Glossary

  • Prospects: These are the properties you receive from 8020REI.
  • Leads: Property owners who have shown interest in selling their house.
  • Contracts: These occur when a property owner decides to sell the house to you at an agreed-upon price.
  • Deal: This is when you find a buyer to acquire the property you've contracted.

How to Calculate ROI

ROI, or Return on Investment, measures the profitability of an investment.


Formula:

ROI = ((Revenue - Cost) / Cost) x 100

Example

Let's say you spent 2,000 on marketing to get a property. You sell that property for $12,000.

  1. Revenue: $12,000
  2. Cost: $2,000
  3. ROI: ((12,000 - 2,000) / 2,000 \times 100 = 500%)
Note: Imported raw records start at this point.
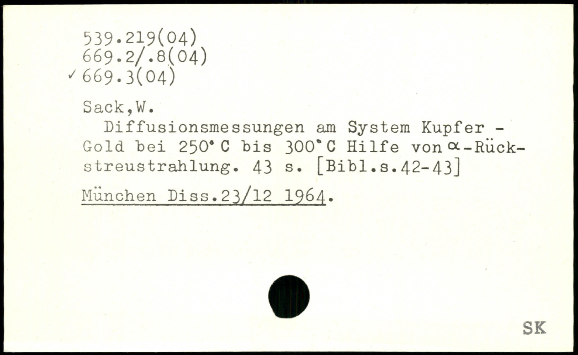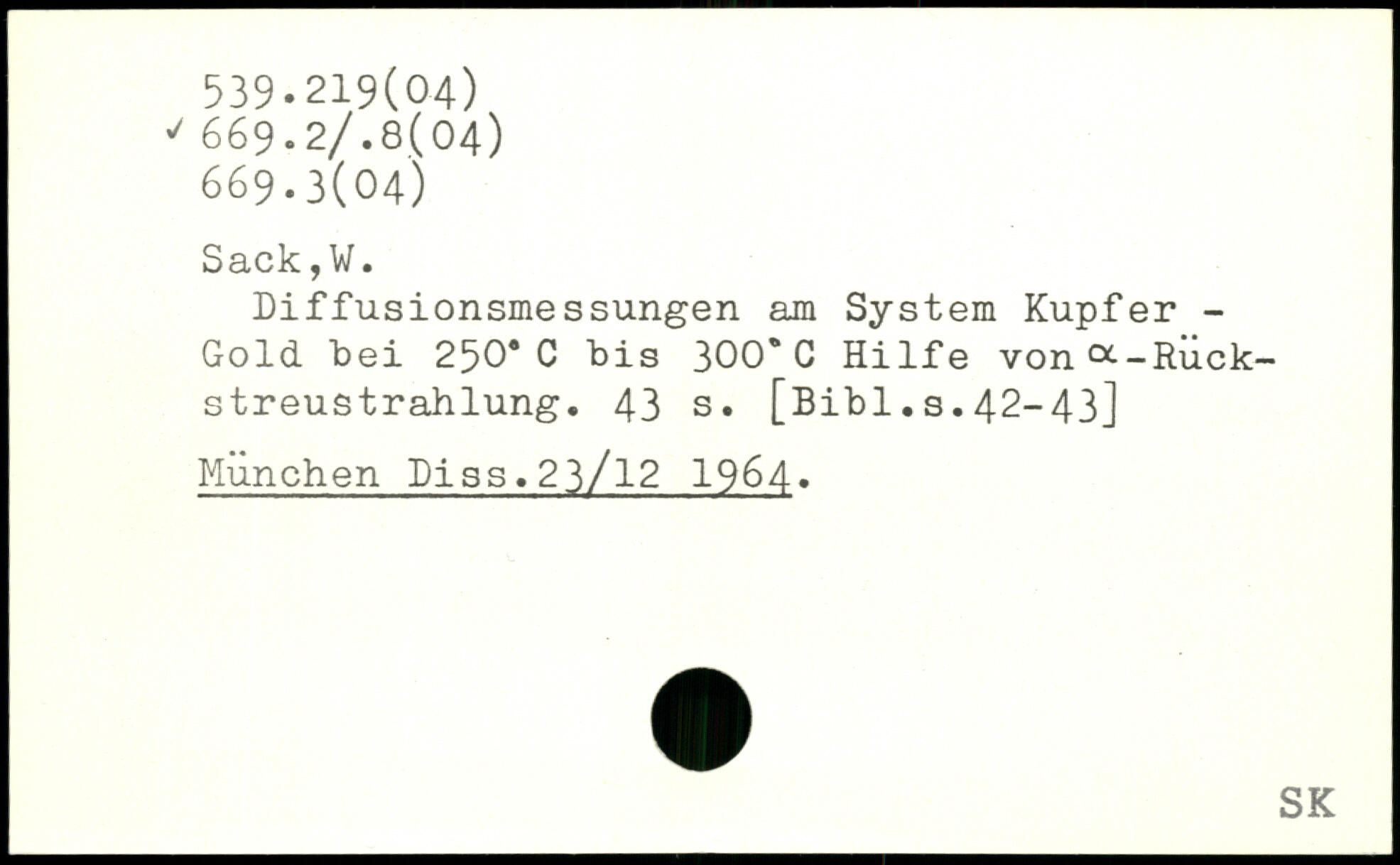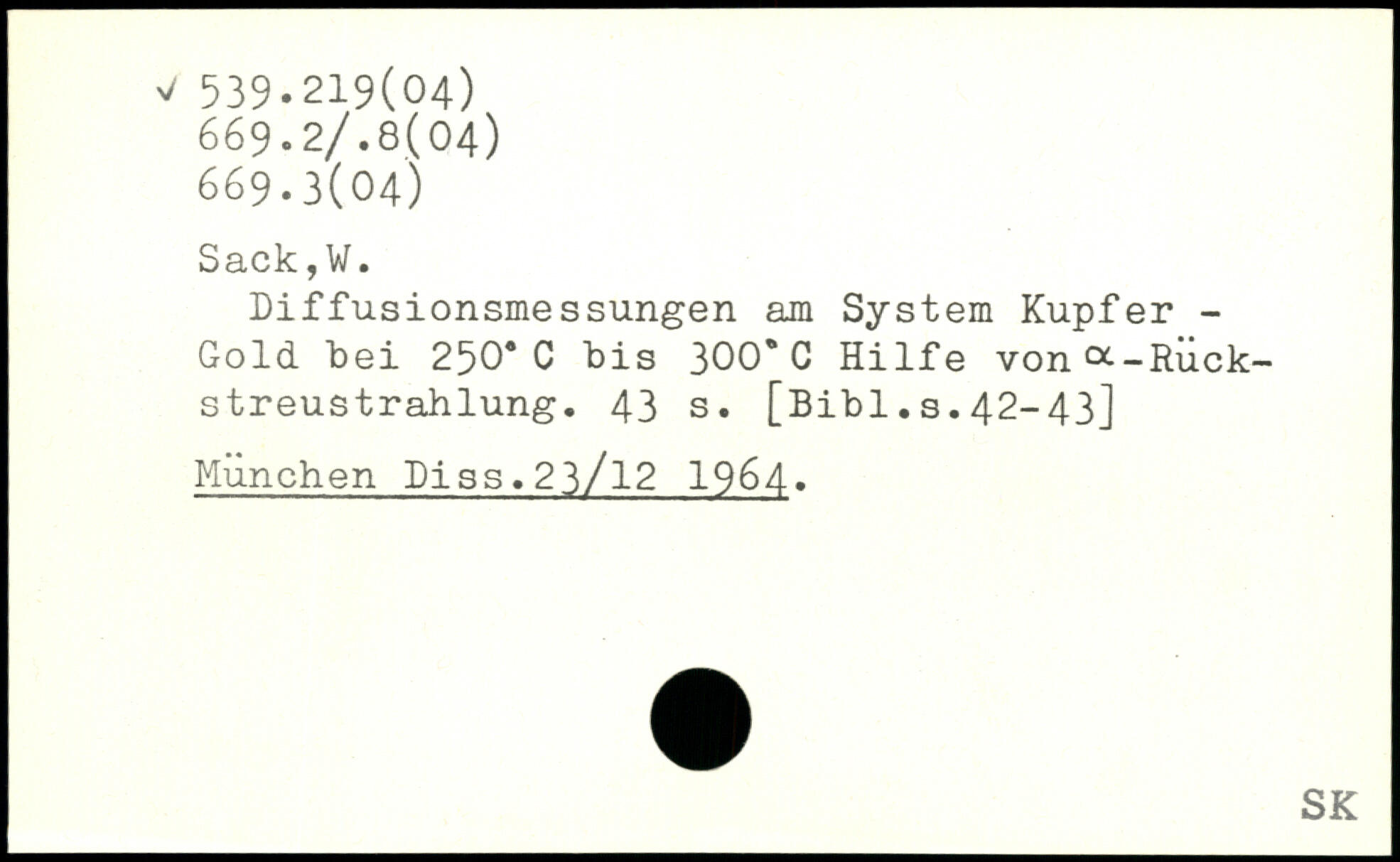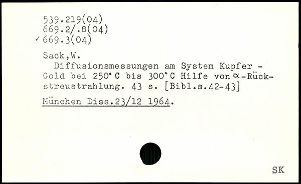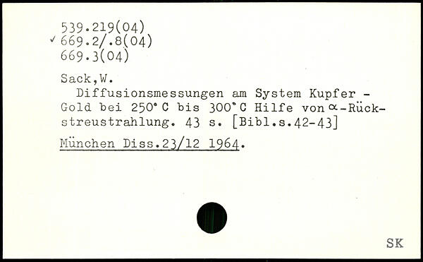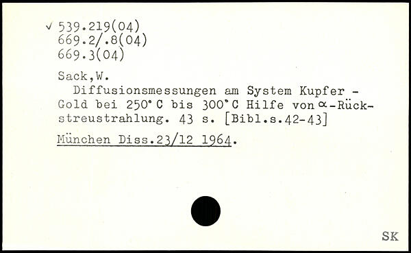 Diffusionsmessungen am System Kupfer -Gold "bei 250. C bis 300. C Hilfe vona-Riick-streustrahlung.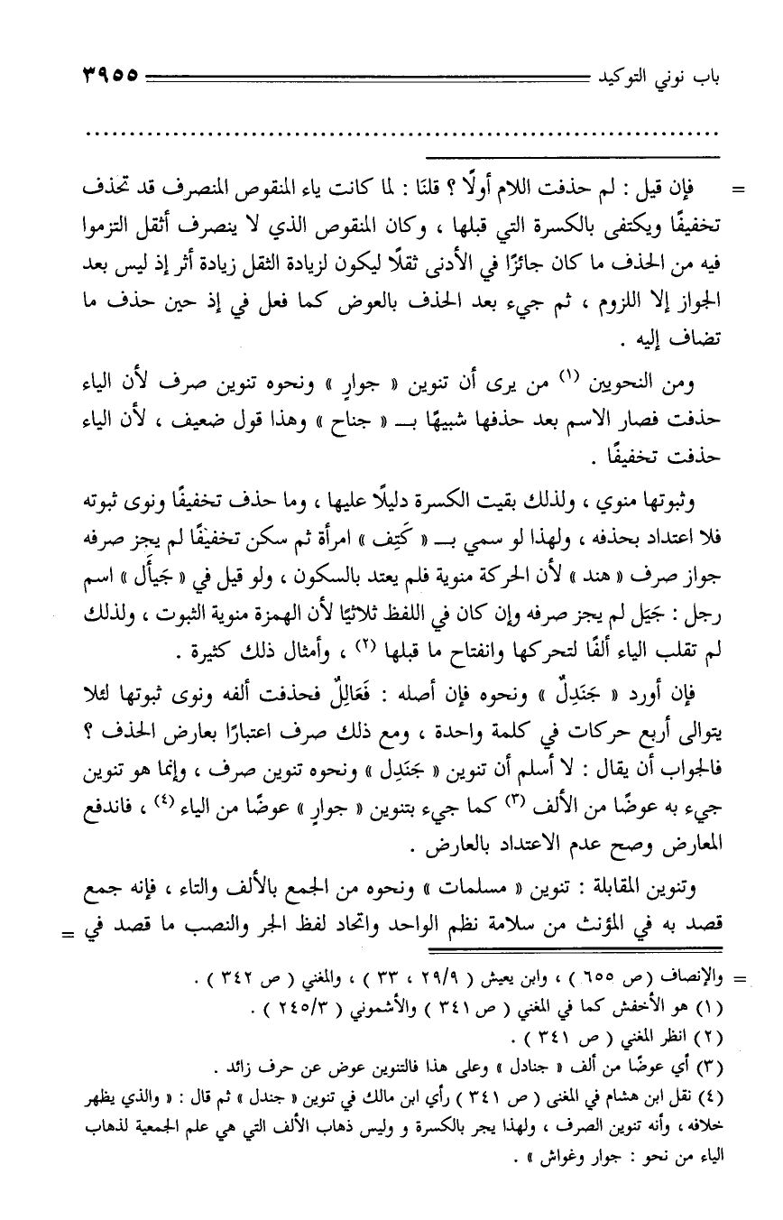 (¬4) نقل ابن هشام في المغنى (ص 341) رأي ابن مالك في تنوين «جندل» ثم قال: «والذي يظهر خلافه، وأنه تنوين الصرف، ولهذا يجر بالكسرة وليس ذهاب الألف التي هي علم الجمعية لذهاب الياء من نحو: جوار وغواش».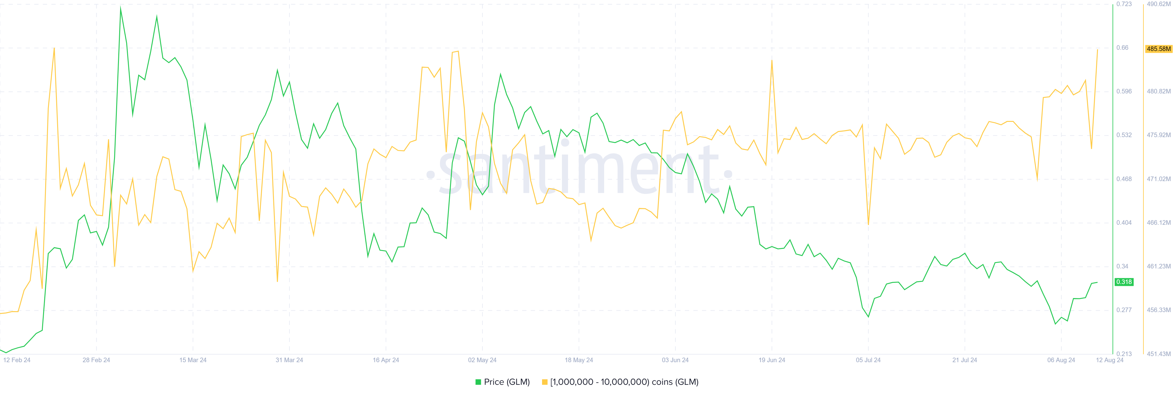 Aangekocht door adressen die tussen 1 miljoen en 10 miljoen GLM bezitten, is deze voorraad meer dan $3,5 miljoen waard. De accumulatie door whales wordt gezien als een bullish signaal, omdat zij de lage prijzen aantrekkelijk vinden en potentieel zien voor winst met de token.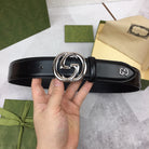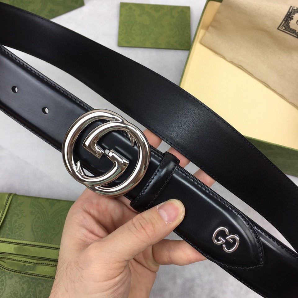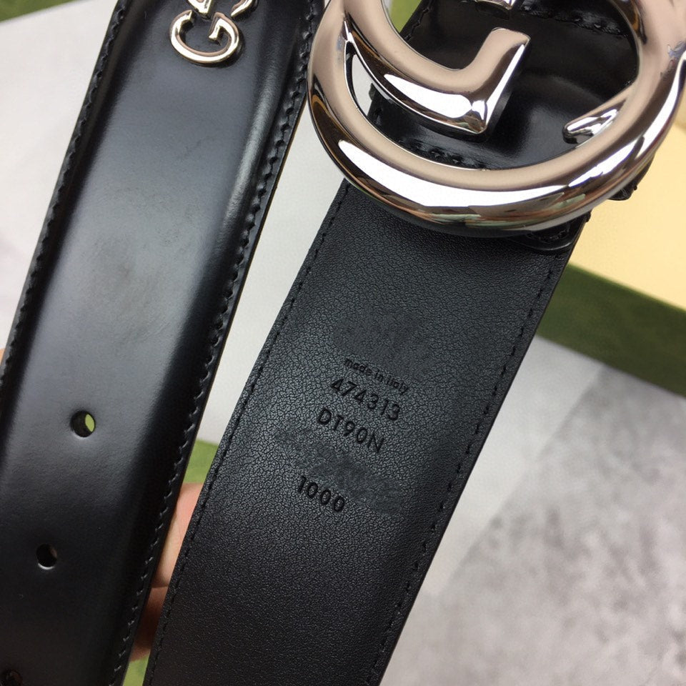 GC BELT SILVER BUCKLE BACK LEATHER 4.0CM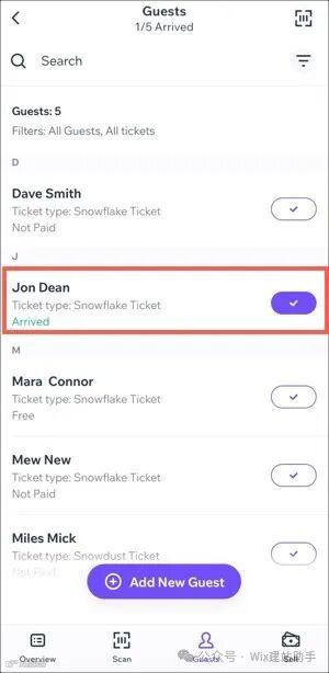 进入【宾客名单(Guest List)】

You got a 5x return on your investment.

Note: Make sure to account for the dates when calculating ROI. You might spend on marketing in June but get the revenue in July. The ROI would still consider both these amounts despite the time gap.


How to Calculate Ratios

Lead-to-Contract Ratio

This ratio shows how effective you are at turning interested property owners into signed contracts.

Formula:

Lead-to-Contract Ratio = (Number of Contracts / Number of Leads) x 100

Example

If you have 10 leads and 2 turn into contracts, your Lead-to-Contract Ratio is (2 / 10) x 100 = 20%.

Contract-to-Deal Ratio

This ratio shows how effective you are at closing deals from contracts.

Formula:

Contract-to-Deal Ratio = (Number of Deals / Number of Contracts) x 100

Example

If you have 5 contracts and 2 turn into deals, your Contract-to-Deal Ratio is (2 / 5) x 100 = 40%.

Opinion: These metrics are essential. Knowing your ratios and ROI can help fine-tune your approach to each prospect, ultimately saving time and boosting profitability.